After loan approval, your mortgage lender will provide you with a mortgage commitment letter. Once financing has been secured, you and the sellers will be notified that the transaction is about to close. This letter is also known as a letter of approval.
In a typical approval or commitment letter, the following information is included:
- The type of loan you’ll obtain – for example, a VA home loan – will impact your credit score.
- The borrowed sum of money.
- Term of the loan, such as a 30-year repayment plan.
- The loan’s annual percentage rate
- Before the lender will release the funds, the letter may also include a list of conditions.
Most approvals are accompanied by a list of requirements. “Prior to docs” denotes that you will not receive your loan documents until you provide the necessary materials and an underwriter approves them.
Here are a few examples of pre-doc requirements:
- Revising your income or property documents
- Making a payment on delinquent debt
- Examination of a septic system or a well
- Explanations of particular withdrawals, transfers, and deposits
- Monitoring the source of your initial deposit
- If the lender utilizes an Automated Underwriting System, the software may automatically generate approval and a list of conditions.

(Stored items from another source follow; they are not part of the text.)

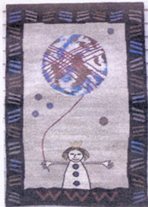
«EXIT» Randi H. Hjorth, 130 x 130 cm.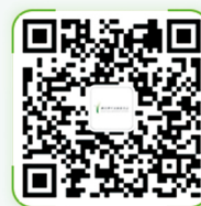
騰訊青年發展委員會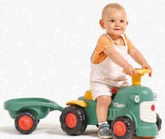
«Maurice» My first tractor with trailer | ref. 901C Ean code : 3016200090137

95 x 31 x 36 cm 37.4 x 12.2 x 14.17 inches 2.80 kg 6.18 lbs 1-3 ans 3 ans 598 x 273 x 338 mm 23.54 x 10.75 x 13.31 inches 3.61 kg 7.95 lbs 55 dm 3 1.94 ft 3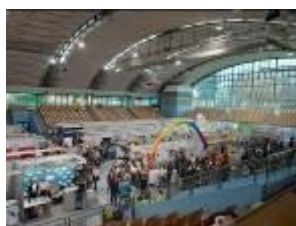
Karierni sejem 2019

Na sejmu je sodeloval tudi Svet invalidov Mestne občine Maribor in vključena invalidska društva.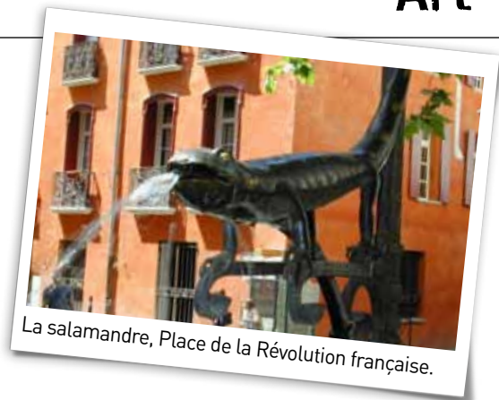
La salamandre, Place de la Révolution française.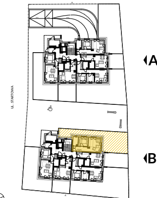
PARTER SCHEMAT - LOKALIZACJA MIESZKANIA

Powierzchnie pomieszczeń liczone wg normy PN-ISO 9836:1997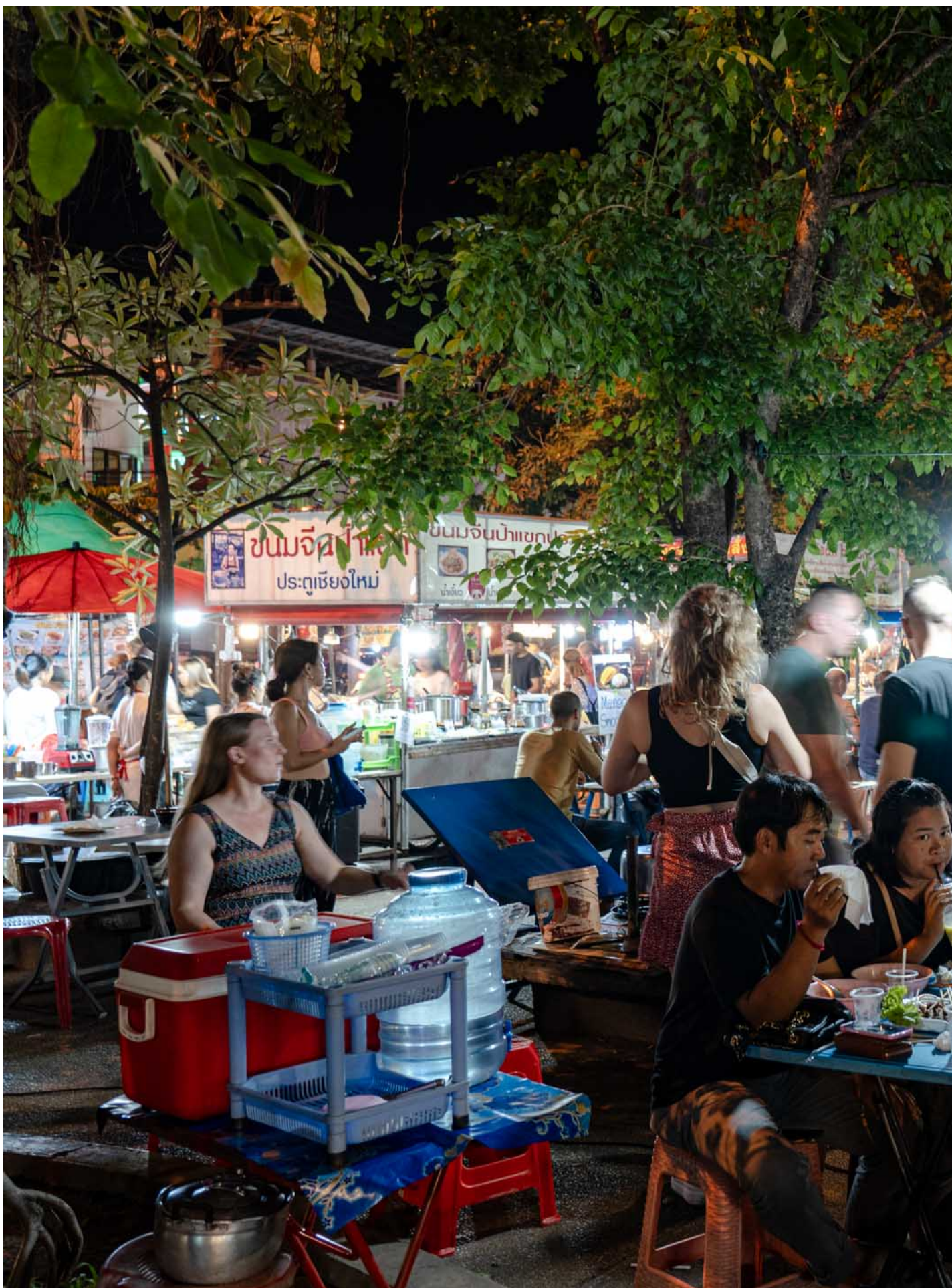
泰国清迈的夜市。

小黄：对，然后他们不喜欢吃泰国菜，觉得太甜太酸太辣，反正 Everything was too much for them. 我们大概是第一天是在古城里走了大概不到 10 分钟，我妈就不行，受不了太热要回去。总之我当时就在一个，“我已经为你们组织了这一次的家庭的旅行。我买了机票，我给你们搞了签证，我租了这个 Airbnb，我做了这个行程，你们什么都不满意”——又回到了小时候的那种无论我做什么，我的父母都不满意的状态。大概到了第二天就开始好转，因为我带我爸妈去做了泰式按摩。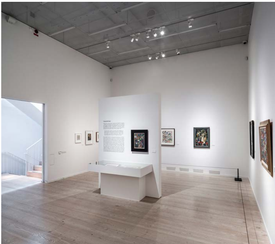
Storstadsmotiv på 4.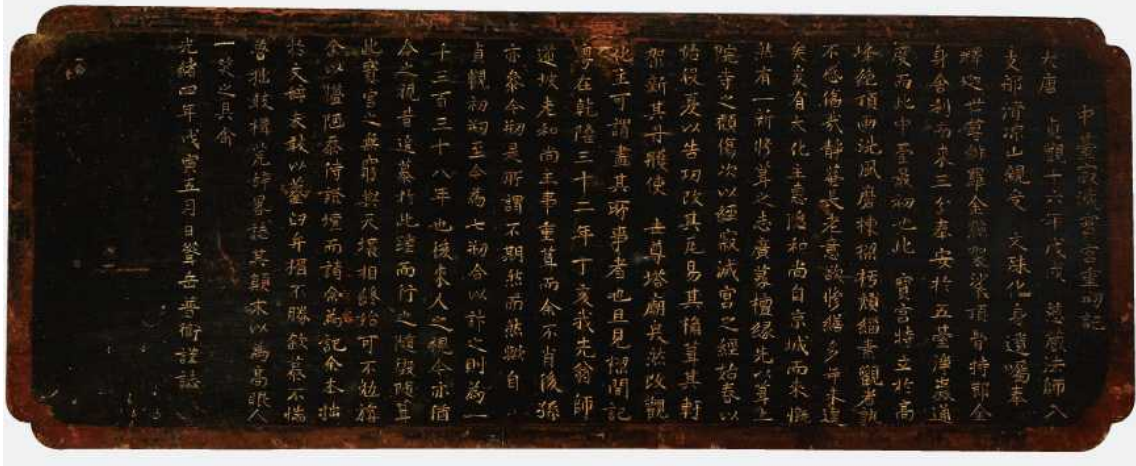
그림 9. <중대적멸보궁중창기> 현판, 1878, 나무(월정사박물관)

19세기 사자암 불화를 조성하기 이전 적멸보궁의 재건을 위한 몇 차례의 시도 가운데 대규모로 공사가 진행된 시기는 1878년(光緒 4)이다. 23) 용악 보위(聳岳普衛)가 쓴 <중대적멸보궁중창기(寂滅寶宮重創記)>에는 화주 혜은(惠隱)화상이 경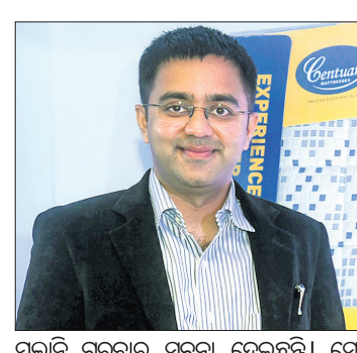
ମଲାନୀ ଟ୍ରଷ୍ଟର ସୁନିର୍ଦ୍ଧା ଦେଇଛନ୍ତି। ସେ କହିଛନ୍ତି, ଏହି ଯୁନିଟରେ ୫୫ କୋଟି ଟଙ୍କା ପୂଞ୍ଜି ନିବେଶ ହେବ। ୧୫ ମାସ ମଧ୍ୟରେ

ଭୁବନେଶ୍ଵର, ୩-୧୦ (ସ୍ଵାଭା) ଶ୍ରୀ ମଲାନୀ ଟ୍ରଷ୍ଟ ପକ୍ଷରୁ ପ୍ରସ୍ତାବିତ ଫୋର୍ମ୍ ସୁନିର୍ଦ୍ଧା ଖୋର୍ଦ୍ଧା ନିକଟସ୍ଥ କମ୍ପାଉଣ୍ଡରେ ସ୍ଥାପନ କରାଯିବ।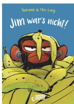
Jim war's nicht!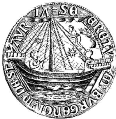
Afbeelding van een Schip met voor en achterplecht, bewaard op een oud zegel van Staveren.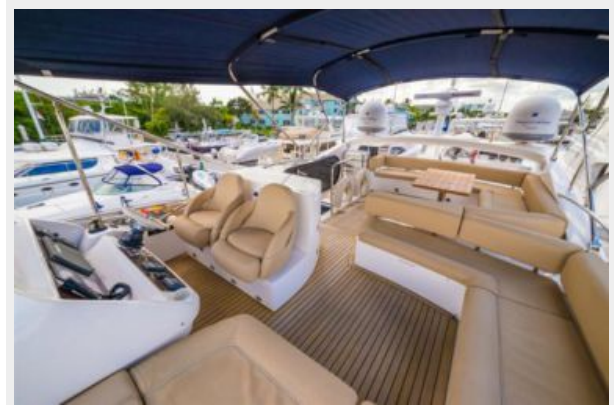
Liquid Fusion- Flybridge 4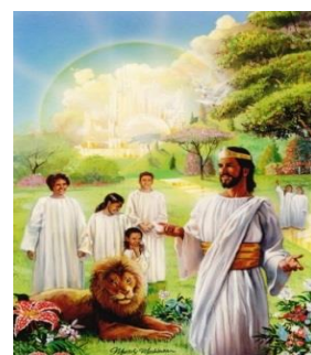
En el Milenio, león y cordero pacerán juntos (Is.11:6-16, 65:17-25). El único Rey será el S. Jesús

- El Señor ha manifestado desde siempre en su Palabra y a través de sus profetas este Advenimiento de su Gobierno terreno entre los hombres y a partir de su Segunda Venida; que será por MIL AÑOS y conocido como EL DÍA DEL SEÑOR. "Acontecerá en los postreros tiempos que el Monte de la Casa de Jehová será colocado a la cabeza de los montes, más alto que los collados, y acudirán a Él los pueblos. Vendrán muchas naciones, y dirán: "Venid, subamos al Monte de Jehová, a la Casa del Dios de Jacob; Él nos enseñará en sus caminos y andaremos por sus veredas", porque de Sión saldrá la Ley, y de Jerusalén la Palabra de Jehová. Él juzgará entre muchos pueblos y corregirá a naciones poderosas y lejanas. Ellos convertirán sus espadas en azadones y sus lanzas en hoces. Ninguna nación alzaré la espada contra otra nación ni se preparará más para la guerra. Se sentará cada uno debajo de su vid y debajo de su higuera, y no habrá quien les infunda temor. ¡La Boca de Jehová de los Ejércitos ha hablado!". (Miq.4:1-4)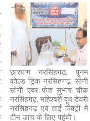
डीआर संबाददाता अशोकनगर

मिलावट पर नकल कसने खाद्य एवं औषधि प्रशासन विभाग द्वारा जिले में दूध और दूध से निर्मित पदार्थों सहित बर्फ की फैक्ट्री दुकानों का औद्योगिक निरीक्षण किया जा रहा है। इसी कड़ी में कल रविवार को कोल्ड ड्रिंक, आइसक्रीम, दही की जांच की गई। जांच के दौरान नरसिंगढ़ स्थित अग्रवाल स्वीट्स सुभाष चौक नरसिंगढ़, मन्नु एवर ब्रेड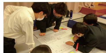
ふじのくにジュニア防災士養成講座

2級土木施工管理技術検定試験(学科)、2級造園施工管理技術検定試験(学科)、測量士補、ふじのくにジュニア防災士、建設経理事務士(3級、4級)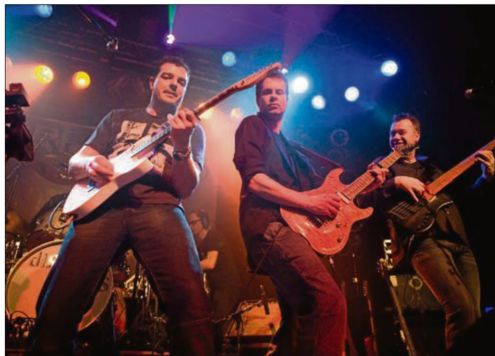
Die Dire Straits-Coverband Dire Strats gastiert am Samstag, 27. Dezember, und Sonntag, 28. Dezember, in der Kulturhalle Schanz in der Carl-Zeiss-Straße 6 in Mühlheim. Das Konzert beginnt jeweils um 20.30 Uhr, Einlass ist um 19 Uhr. Karten gibt es im Vorverkauf für 16 Euro (plus VVK-Gebühr) im Mühlheimer Buchladen an der Bahnhofstraße, im Schanz sowie online unter www.schanz-online.de. Soweit vorhanden, gibt es Karten für 18 Euro auch an der Abendkasse. Nähere Informationen gibt im Schanz unter ☎ 06108 791247.

„Als ich 1997 zum Kreishandwerksmeister gewählt wurde, wollte ich das eigentlich nur drei Amtsperioden machen“, sagt der 60-Jährige. „Zu den nächsten Neuwahlen will ich noch einmal kandidieren, dann soll ein Jüngerer ran.“ Auch seine fastnachtliche Aktivitäten will der frischgebackene 60-Jährige künftig einschränken. „Wir haben für die Kappenabende ein gutes Team mit einigen engagierten jungen Leuten dabei“, so der Dietesheimer. „Ich denke, dass sich aus deren Reihen in absehbarer Zeit ein Nachfolger für mich als Sitzungspräsident finden lässt.“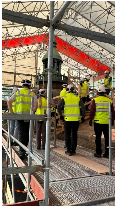
Kuva 8. Peruskorjaustyömaan esittelyä viikolla 21.

www.facebook.com/kansallismuseontyomaa , www.senaatti.fi/kansallismuseontyomaa , www.ncc.fi/projektit/kansallismuseon-peruskorjaus-helsinki/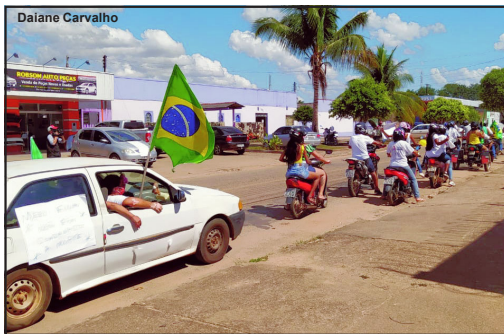
Manifestantes em frente ao presídio em AF

O movimento iniciou no grande Cidade Alta a partir do Bairro Vila Nova. Foi de lá onde segundo informações,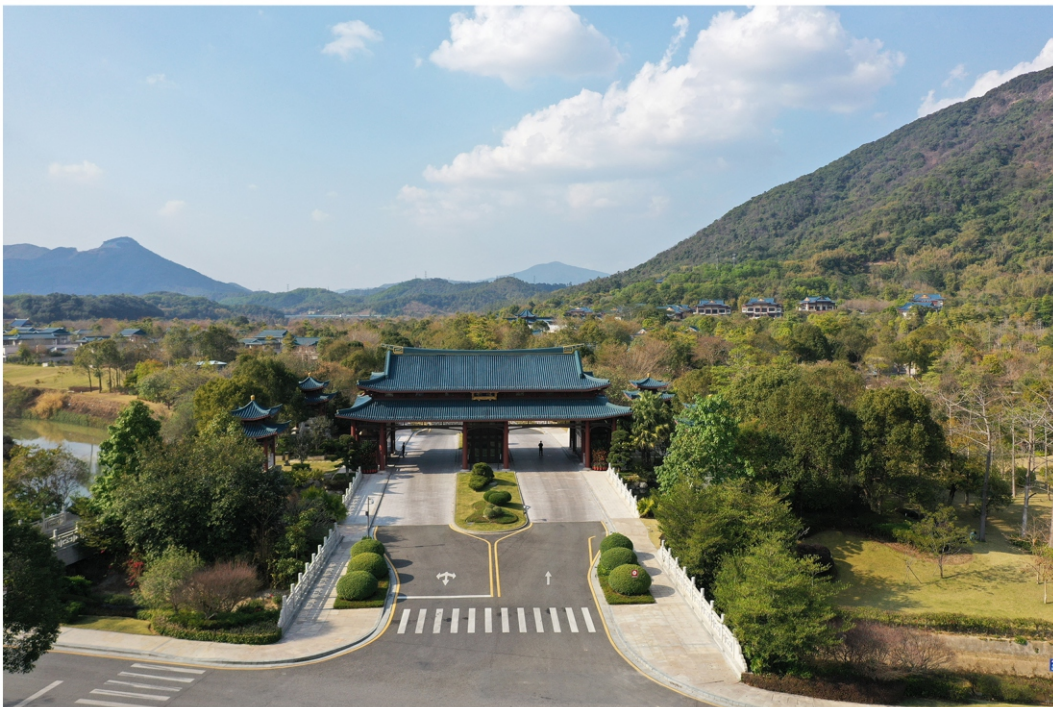
从都国际庄园占地面积280多万平方米，将盛唐建筑精髓与现代化设施、国际化服务融为一体，配套投资达80亿，接待过来自70多个国家的100多位前政要，他们称赞这里为“中国现代庄园的典范”。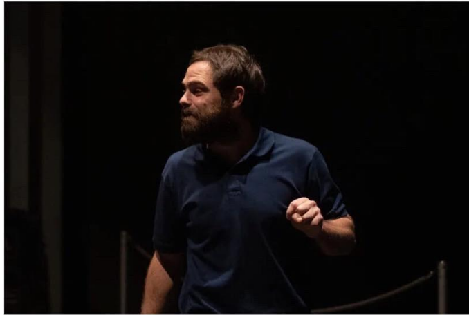
Peter Lanzani, en Las cosas maravillosas Sergio Bosco - Gentileza Multiteatro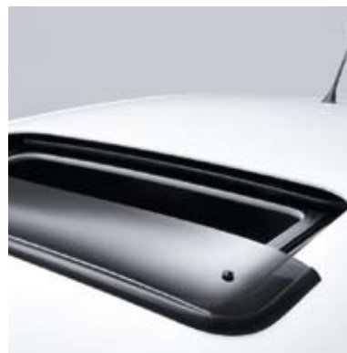
Déflecteur de toit ouvrant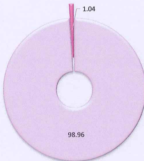
แผนภูมิที่ ๑ แสดงร้อยละจำนวนโครงการจำแนกตามวิธีการจัดซื้อจัดจ้าง ปีงบประมาณ ๒๕๖๖

พบว่าปีงบประมาณ ๒๕๖๖ งานพัสดุ โรงพยาบาลบ่อทอง ได้ดำเนินการจัดซื้อจัดจ้าง จำนวนทั้งสิ้น ๖๖๗ โครงการ มีวิธีการในการจัดซื้อจัดจ้าง ๒ วิธี คือ วิธีเฉพาะเจาะจง และ วิธีประกวดราคาอิเล็กทรอนิกส์ (e-bidding) โดยวิธีการจัดซื้อจัดจ้างมากที่สุดคือ วิธีเฉพาะเจาะจง คิดเป็นร้อยละ ๙๘.๗๑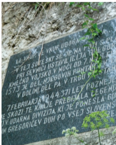
Spominska plošča kmečkim uporom in 14. diviziji pri Pilštanju

Stane Gradišnik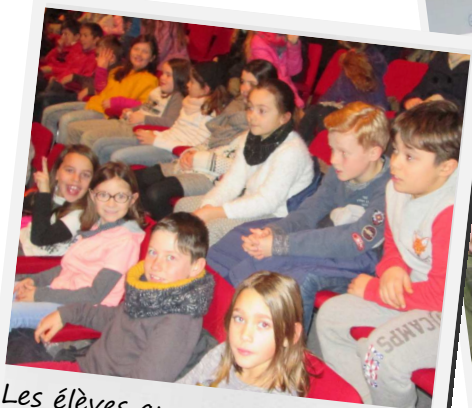
Les élèves au spectacle des JMF

Les élèves de l'école Per-Jakez-Helias de CE1-CE2 et de CM1-CM2 ont assisté à leur 2 nd spectacle des Jeunesses Musicales de France au Family à Landerneau intitulé Caravelle. Une plongée musicale contée au cœur du voyage de Vasco de Gamma vers les Indes. Les enfants ont pu suivre ce fantastique voyage en caravelle avec la guitare, l'accordéon, la sanza et les tablas indiennes.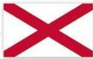
Irlande du nord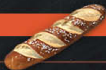
Laugenstange, geschnitten (Art.-Nr. 0149)

Gewicht = 100 g Einheiten pro Karton = 70 Stück (7,00 kg) Kartons pro Palette = 90 Stück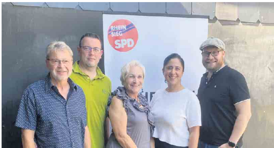
Die Eitorfer Delegierten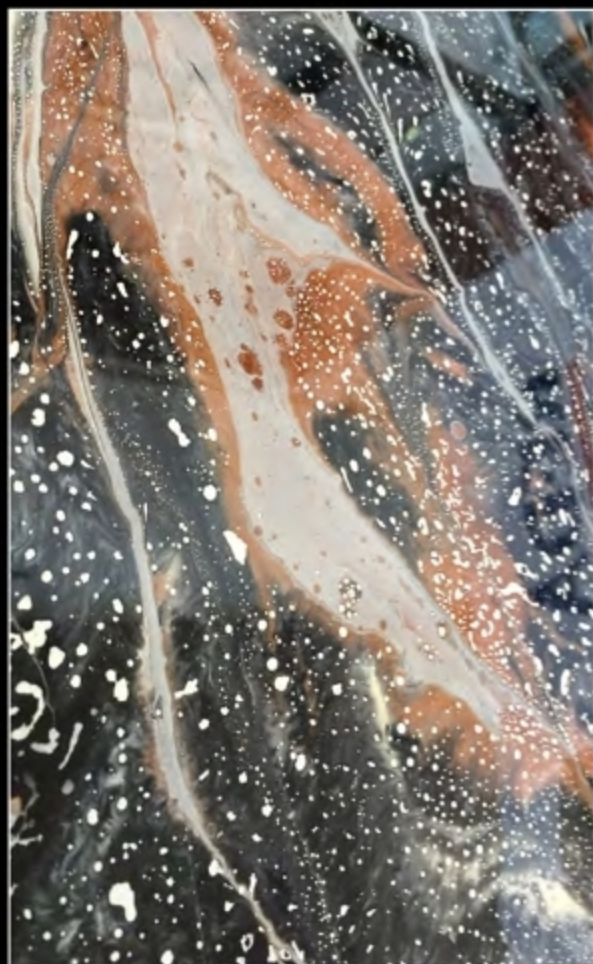
EFFECT 13 • SCUDO EPOXY MIRROR + TN SPECIAL NERO N + TN SPECIAL BIANCO + STRUTURA HI-TECH METALLICO BRONZO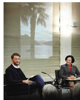
Vernissage of Quarto no. 45, with an image of the journal's cover in the background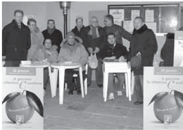
A sinistra i volontari dell'Airc durante l'iniziativa a Trino; a destra un momento della distribuzione a Moncalvo

a (mi) - Sono andate esaurite in poche ore le arance della salute che a Trino e nel circondario sono state distribuite dai volontari dell'Airc (Associazione Italiana per la Ricerca sul Cancro). Le arance rosse sono state consegnate a chi ha voluto diventare socio Airc o rinnovare l'adesione all'associazione, in reticelle da tre chilogrammi, grazie alla generosità della Regione Sicilia. Nella zona di Trino sono stati raccolti 10 mila euro (a fronte di 1.200 confezioni) da destinare alla ricerca. Insieme alle gustosissime arance è stato anche consegnato un numero straordinario della rivista fondamentale: uno speciale di 24 pagine ricco di consigli su come cambiare le abitudini sbagliate. Non è inoltre mancata la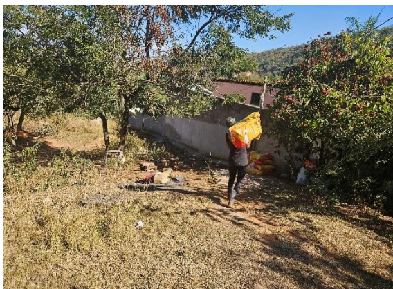
Transporte da ração Data: 05/06/2024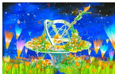
花の力強さ、生命力を表した「花の羅針盤」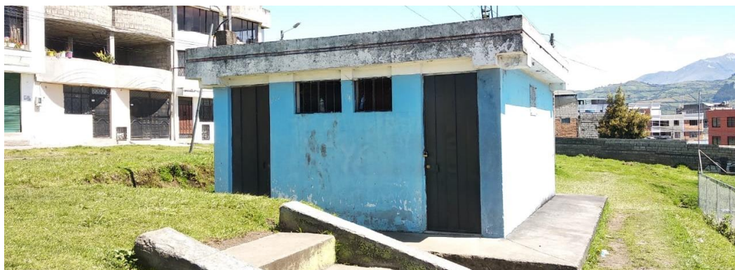
Fotografía 3: Baterías Sanitarias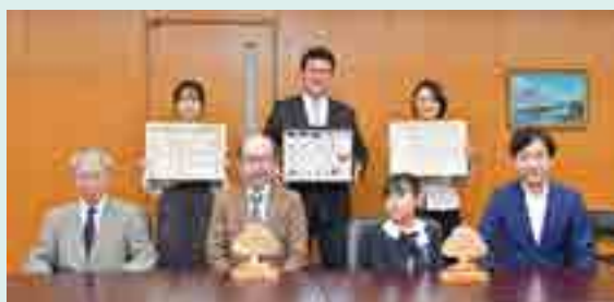
■ 令和4年度受賞者の皆さんと審査員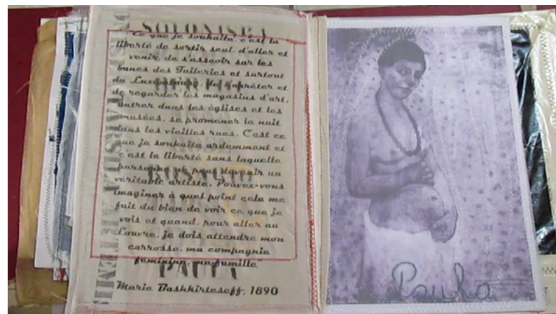
Imagen 5: Brunotti, A. (2021). Ausentes por omisión (homenaje a María Gimeno) [libro de artista].

se traman los nombres de artistas del pasado propone un encadenamiento que no solo interroga ese pasado, sino también la pervivencia de la desigualdad y opresión de la mujer aún hoy . Aunque no lo hace de manera directa, el texto está en francés y no terminan de verse las palabras. Tal vez, haya que recorrer la sala y encontrar la otra pieza para darle sentido.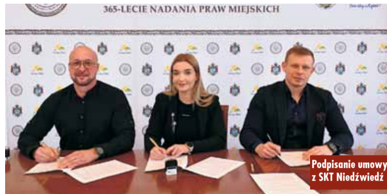
Podpisanie umowy z SKT Niedźwiedź

Wspieraniem i upowszechnianiem kultury fizycznej poprzez prowadzenie treningu pływackiego i rywalizację sportową zajmie się Uczniowski Klub Pływacki „Torpeda Qarium Kępno”, który uzyskał dotację w wysokości 10 000 zł.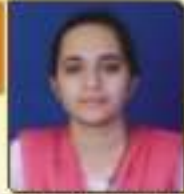
જવડા હાલિકા જનકિશનભાઈ ભીરુ વડવા, ૬૪,૭૫૪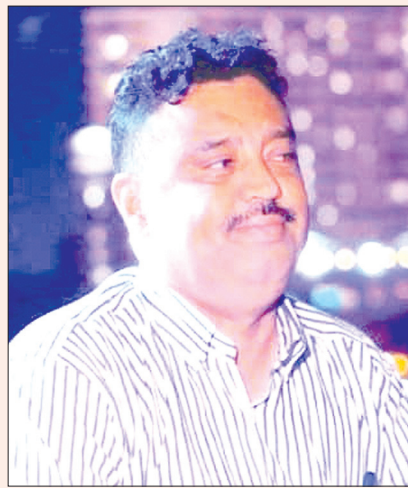
بقلم / نجيب الكماي

قريباً سيكون الكتاب متاحاً في معارض الكتب، ليصل إلى المهتمين والباحثين، وبشكل إضافي نوعية للمكتبة الأكاديمية العربية والدولية، ويثري النقاش العلمي حول الأمن الإقليمي والتحالفات الدولية.

The conditions prior to doc are the most important, and the underwriter will not be able to make a final decision until they are provided. Your application may indicate that you earn $10,000 per month, and the lender may conditionally approve your loan pending verification of your income.
Other “prior to funding” requirements are more administrative, such as demonstrating that your parents have the funds to give you and that you have deposited the funds into your checking account.
Pre-funding conditions may include bringing the money to closing in the appropriate form, such as a cashier’s check or wire transfer.
How To Get A “Declining” Mortgage Re-Approved
A grant approval with only prior to funding conditions is more robust than one with prior to doc conditions because there are fewer potential issues.
Other conditions that must be met before receiving funding are as follows:
- Demonstrating that the property in question is insured
- If you are simultaneously closing on the sale and purchase of a home, you will be required to provide evidence that your current home has been sold.
- You have a three-day right of rescission period before your lender releases funds if you are refinancing.
- The majority of pre-funding requirements are handled by the lender, title company, or attorney.
Do you need to display your terms to the seller?
Your real estate purchase agreement may require you to provide a commitment letter to demonstrate that you adhered to the contract’s timeline. What if there are humiliating circumstances? For instance, your letter specifies that you must repay child support arrears, satisfy a judgment, or provide proof of your bankruptcy discharge. If you don’t want to show the seller a conditional approval, the best course of action is to provide the lender with everything they need as soon as possible and request a new letter without the annoying conditions.
Your loan officer may also approve your loan “subject to certain conditions,” but he or she may not specify what those conditions are.
Prior Qualification, Prior Acceptance, And Commitment
Additionally, not all mortgage lenders use these terms in the same way. Prequalification, for instance, signifies that the lender believes the borrower *should* qualify for a loan of up to X dollars if everything they say is true. When prequalifying, a majority of lenders do not check credit.
Mortgage prequalifications are advantageous.
Some prequalifications may require a credit check, bank accounts, and pay stubs. Prequalification of the second lender is more robust. Prequalification merely informs prospective buyers of their general purchasing power. Preapproval comes next. The equivalent of a conditional approval. The purchaser submits a mortgage application and documentation of income and assets. A credit report is retrieved by the lender. Preapprovals necessitate a thorough property evaluation. Pre-approval is sometimes used as a synonym.
How to Obtain Approval for a Mortgage in Eight Easy Steps
If you submit an offer accompanied by a pre-approval or credit approval, you will be in a much stronger position than if you submit a prequalification. Once there are no funding conditions remaining, the buyer has what is generally regarded as a full approval. You will not receive a full approval until you have found a home, opened escrow, and obtained an appraisal.